Я написал стихи. Время записок давно прошло, и я не знал, то ли переписать стихи набело и после уроков, когда мы пойдем домой, передать ей, то ли тогда же, по дороге из школы, прочитать стихи, но это было бы совсем глупо, вот так с бухты-барахты, и ведь надо, чтоб мы оказались совсем одни, а такого почти никогда не бывает, вечно нас кто-то догоняет, сзади идут, впереди мельтешат… Я не знал, что делать. Написать, конечно, проще. А вдруг Она, как раньше, передаст записку матери, а та моей маме, вот будет смеху… Нет, никто, конечно, не будет смеяться, это я так, просто я уже не в том возрасте, когда мои послания можно читать посторонним. Если бы Она так поступила, я просто не знаю, что бы сделал… Но, может быть, она тоже уже переросла ту себя, которая обязана была все докладывать маме. Стихи, конечно, не бомбовские, я понимаю, но, может быть, ей было бы приятно, все-таки, я думаю, никто еще не писал для нее стихов. Теперь, когда мы возвращались, уже не было темно – наступила весна, но лучше бы по-прежнему была тьма, – в темноте, я думаю, я бы решился, правда! А так я тискал в кармане джинсов листок со стихами до тех пор, пока он вовсе не истрепался. Листок пришлось выбросить, потому что он превратился в ничто, и я переписал стихи на другой лист, потом еще на один – вот идиот, однажды я начал даже читать, она обернулась и посмотрела – и я заткнулся, забыл слова, будто дыру пробуравила в голове своим взглядом, у нее такой взгляд, просто до костей пробирает, не понимаю, как другие его не ощущают, ей бы в экстрасенсы пойти, вот бы деньгу зашибала! Волосы у нее темно-русые и прямые, а на лбу прядь совершенно белых, да к тому же кудрявых волос, никогда такого не видел! Ее мать рассказывала моей про то, что, когда ее носила, страдала токсикозом и, мол, потому у нее эта белая прядь, но все эти объяснения, по-моему, ничего на самом деле не объясняют. Просто она отмечена, все об этом говорит: и взгляд, и эта седая прядь, и даже необычная для людей, жирафья пятнистость ее кожи.

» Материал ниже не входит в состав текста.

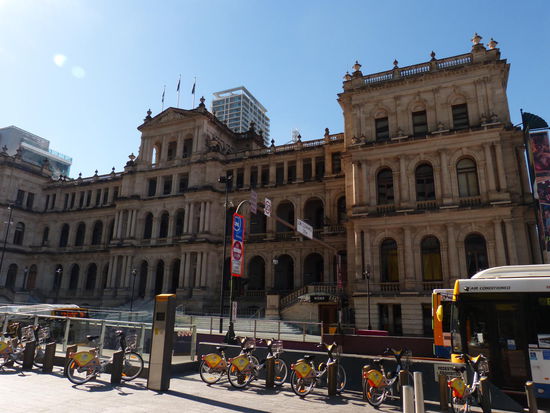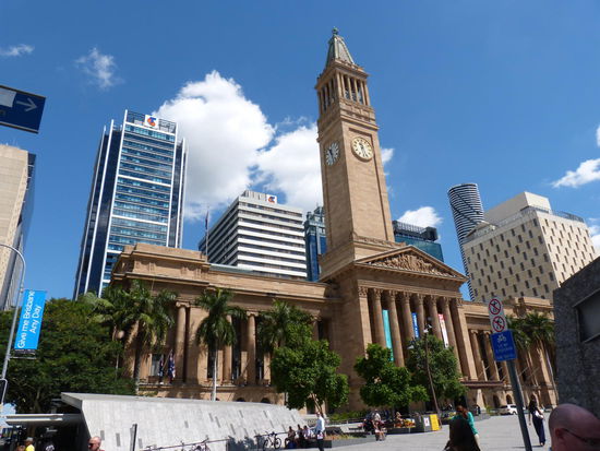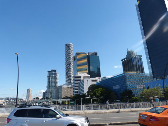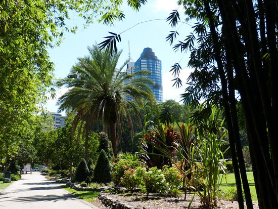 Marc wird auch nicht zu spät wach und nach Toast mit Orangenmarmelade geht es schnell wieder raus aus dem Hostel, die Stadt mal richtig unter die Lupe nehmen. Auch Brisbane hat eine erstaunlich hohe Skyline, wobei man als Berliner ja schon fasziniert ist, wenn ein Gebäude mehr als zehn Stockwerke hat. Im Groben und Ganzen wirkt Brisbane wie eine Mischung aus dem geschäftigen Sydney und dem künstlerisch entspannten Melbourne, was zu einem unglaublich angenehmen Stadtfeeling führt. Auch hier wechseln sich wieder alte Backsteingebäude mit nagelneuen Hochhäusern aus Stahl und Glas ab. Hätten wir nie für möglich gehalten, dass es uns hier so gut gefällt, nachdem wir am liebsten von Tasmanien direkt nach Singapur geflogen wären. Jetzt kann ich mir sogar sehr gut vorstellen, ein Auslandssemester hier zu machen, weil es so schön ist (und Surfers Paradise ist auch nur zwei Busstunden entfernt!). Wer früh aufsteht muss feststellen, wie lang der Tag doch ist, wenn man nicht ins Hotel zurückkehren möchte. Aber an sich ist es ja auch ganz schön an der frischen Luft und so verbringen wir einige Stunden im botanischen Garten auf irgendwelchen Parkbänken, bevor es nach einem Abstecher nach Chinatown in einen anderen Park geht und wir nachmittags auf irgendwelchen Bänken in der geschäftigen Fußgängerzone sitzend, Leute in ihrem Alltagstrott beobachten. Ohne schadenfroh zu sein, ist es schon ein bisschen witzig, wie der wichtig wirkende Geschäftsmann als einziger bei Rot über die Ampel läuft und direkt von einer Gruppe Polizisten aufgegriffen wird.

По осенней паутине ты скользила сквозь леса,
И тебя, спустившись низко, обнимали небеса,
Чистый дождь омыл слезами твое сонное лицо,
Ветер надевал на палец обручальное кольцо.
В черной туче вознеслась ты выше стаи журавлей,
Твой платок лежал, алея, средь желтеющих полей.

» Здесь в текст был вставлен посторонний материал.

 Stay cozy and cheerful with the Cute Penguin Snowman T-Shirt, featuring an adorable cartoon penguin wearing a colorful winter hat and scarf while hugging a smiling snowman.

На земле тебя будил я, звал: вернись.
Заглянула к нам в окошко золотая рысь.
Золотая рысь по небу кружит и молчит,
Когти золотые точит в полночи,
И верхом на рыси, сквозь ночные облака
Ты, моя невеста, мчишься, прячешь яблоко.
Плохие, эпигонские стихи, я понимаю. Но уж очень мне хотелось прочитать их ей. Так и не прочитал.
Наша соседка с другой стороны, бабушка Варсеник, копает свой огород, ей уже за семьдесят, а лопатой она орудует будь здоров, мужики позавидуют. Она уже все вскопала, остался кусок земли за домом, в тени, грядки у ней ровные, как по линейке расчерчены, нигде ни одной сорной травинки – и все растет, как на дрожжах. В доме у них полно и мужиков, и молодежи, но всем некогда, все торгуют, ездят на границу с Абхазией, на пост Псоу, куда безработные абхазы тащат никому в Абхазии не нужные фрукты и орехи, скупают их и продают гораздо дороже на ближайшем к нам рынке, на Мацесте, куда сотни иногородних приезжают принимать лечебные ванны. Говорят, куда выгоднее, чем копаться в своем огороде, сами бы они вообще ничего не сажали, да бабушка Варсеник не может смотреть, как земля бурьяном будет зарастать, вот и копошится в саду. Она всегда что-то напевает, заунывное-заунывное, мне кажется, ей хорошо. Только глупый мобильник ее отвлекает, молодежь, которой вечно нет дома, наказывает ей без мобильного телефона в сад не ходить, в комнате она не сидит, а мало ли что – как с ней без мобильника свяжешься. По мобильнику бабушка Варсеник разговаривает очень сурово, сердится, что ее от работы отрывают со своими глупостями, поговорит и в сердцах сунет телефон опять в карман фартука – надоел! Помолчит секунд десять, придет в себя и опять запоет, мелодия и размеренные движения бабушки Варсеник совпадают так, что лучше не надо; наверное, эту же песню напевали трудолюбивые ее предки, работая в горных садах, возле того древнего Армавира.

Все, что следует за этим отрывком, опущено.